Top of INPUT DATA

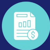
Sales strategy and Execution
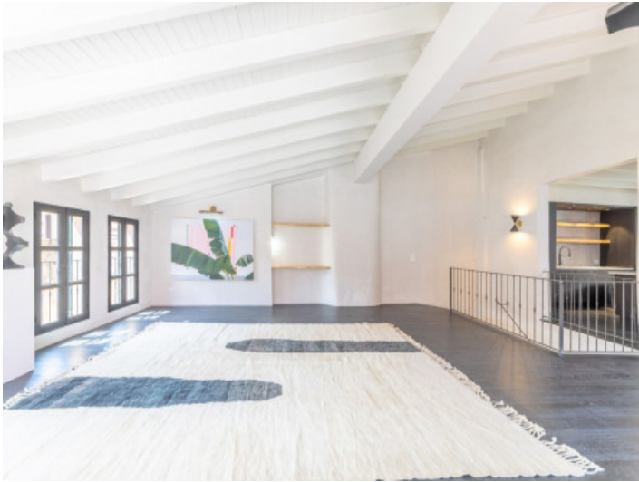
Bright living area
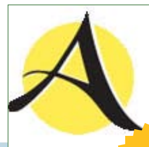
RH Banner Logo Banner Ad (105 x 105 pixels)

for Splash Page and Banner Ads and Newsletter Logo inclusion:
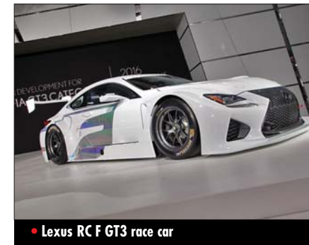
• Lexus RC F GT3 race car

Bottom of INPUT DATA
Top of INPUT DATA

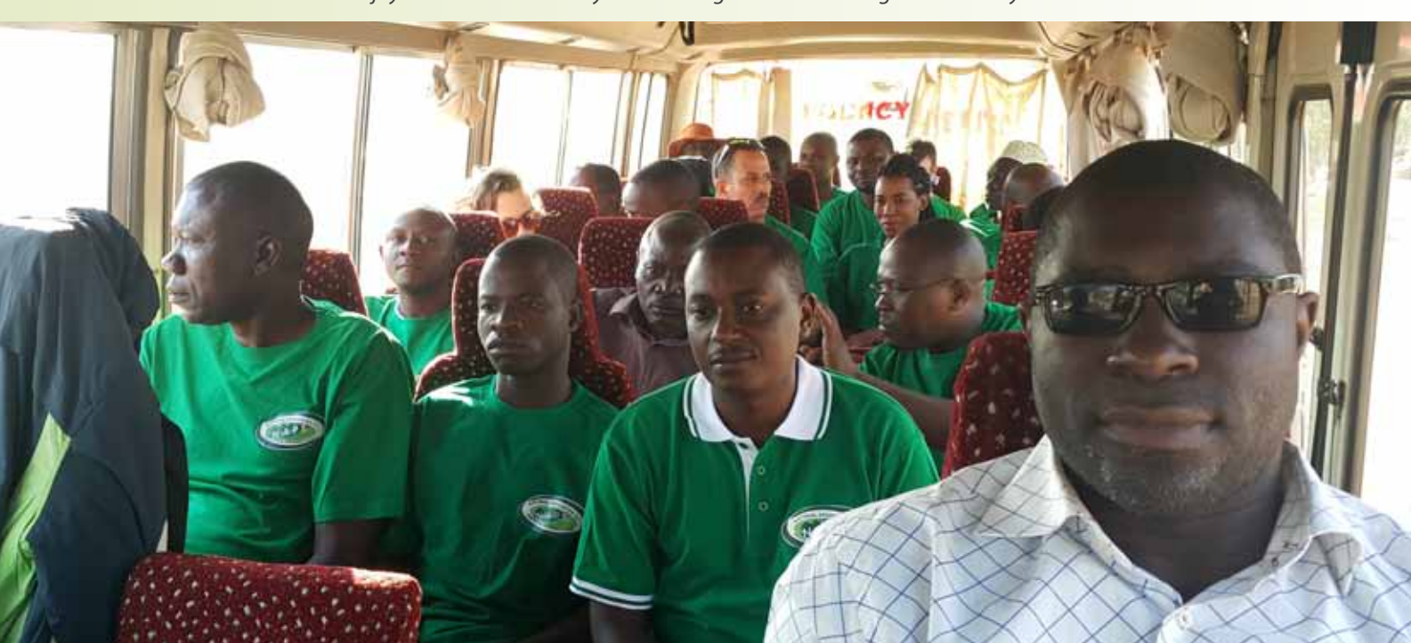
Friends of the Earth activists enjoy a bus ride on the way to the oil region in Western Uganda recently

Bottom of INPUT DATA

Tally the lines of the data that include the word "Banner". Reply with the number only.

2